Team Careers360 | March 21, 2020 | 01:56 PM IST
NEW DELHI: The Jammu and Kashmir Police has traced in Kashmir three out of four PhD students who had allegedly absconded from the quarantine centre at the Aligarh Muslim University (AMU), say reports.
The official sources told The Tribune that the three research students, two hailing from north Kashmir and one from south Kashmir, would now be shifted back to a quarantine facility. The fourth scholar who escaped from the quarantine centre in Aligarh, Uttar Pradesh, has still not been traced.
Earlier, the university was alerted by central health agencies that the three PhD students who had recently returned from the UAE were missing from the isolation ward in a Uttar Pradesh city where they had been quarantined. Local medical authorities had also offered help to AMU with finding them.
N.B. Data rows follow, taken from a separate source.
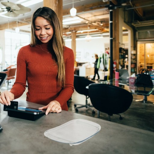 Taka tacka to idealne miejsce na reklame Twojego biznesu. Klienci za każdym razem gdy będą odbierać resztę zawieszą wzrok na umieszczonym w środku tacki banerze reklamowym.
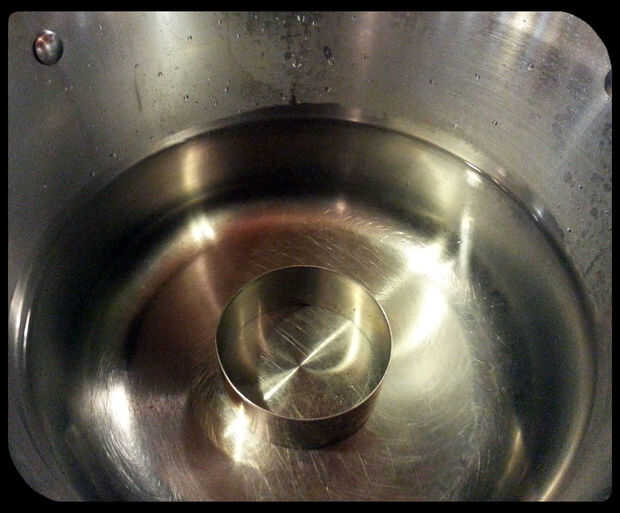 Llene la olla hasta la mitad con agua y colocar el molde del anillo (o rack) en la olla. Coloque la olla a fuego medio. No es necesario hervir el agua, nos estamos cociendo al vapor, no hirviendo el pudín. :)
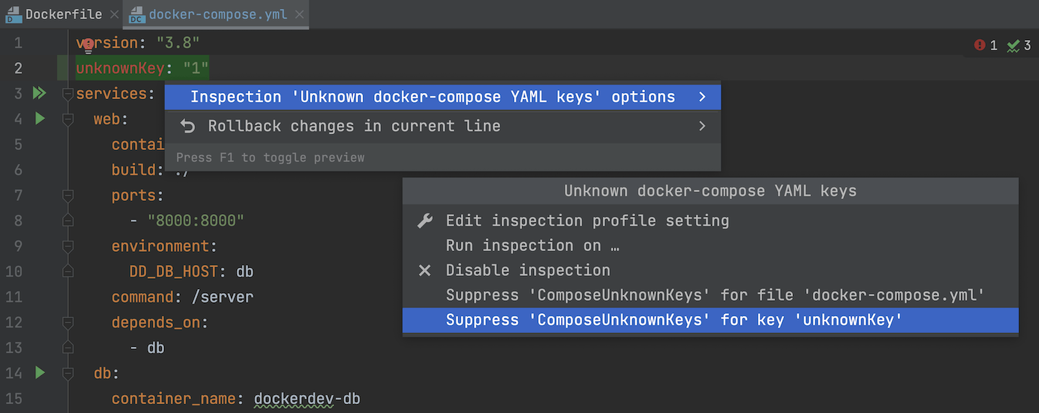 在 YAML 文件(包括 Kubernetes 文件、OpenAPI 规范和 docker-compose.yml 文件)中,新增的快速修复可以通过注释禁止检查。

Following this, the medical authorities in Kashmir traced the students in their native villages in Anatnag and Baramulla in Kashmir. The officials told The Tribune that the students have been located and the medical teams have been sent to examine and quarantine them.
On 19 March, Dr Shariq Ali, Chief Medical Officer at AMU, wrote to the Dean Students’ Welfare, AMU, that the three Kashmiri students - Azad Ahmad Wani, Mohammad Iqbal Rather (PhD scholars in AEBM) and Bilal Ahmad Rather (PhD scholar in botany) who had visited UAE from March 4-9, 2020 and had been admitted to the UHS Isolation Ward at 4:00 pm on March 18 for quarantine were absconding since 9:45 pm on March 18.
The officials at airports in Srinagar and Jammu and the Jammu railway station had been alerted to check the identities of all incoming passengers and detain the three students, should they arrive at either the airport or station, for necessary quarantine.
The Indo-Asian News Service reported that the police was alert about their movement to Kashmir from Aligarh. "The scholar from Anatnag was taken away by police just an hour after he reached his home at 3 a.m.," Senior Superintendent of Police (SSP) Anantnag Sandeep Chaudhary Choudhary told IANS.
However, there are some reports that indicate that the three had voluntarily gone to a hospital and then to the local police station in Baramulla. Allegedly, the three students had left AMU due to the lack of facilities. They reached Kashmir on the night of March 20 and went to the hospital early the next morning.
Officials are now trying to trace the individuals with whom the three students might have come into contact during their journey from Aligarh to Kashmir.
Under the prescribed protocol to contain the spread of coronavirus, travellers returning from the UAE have to complete the quarantine period of 14 days. The three researchers may invite action for violating protocol.
The authorities at Srinagar will continue with necessary restrictions to ensure safety and well being of the people in the district.
India has seen a total of 258 COVID-19 cases with 231 “active” ones and four deaths.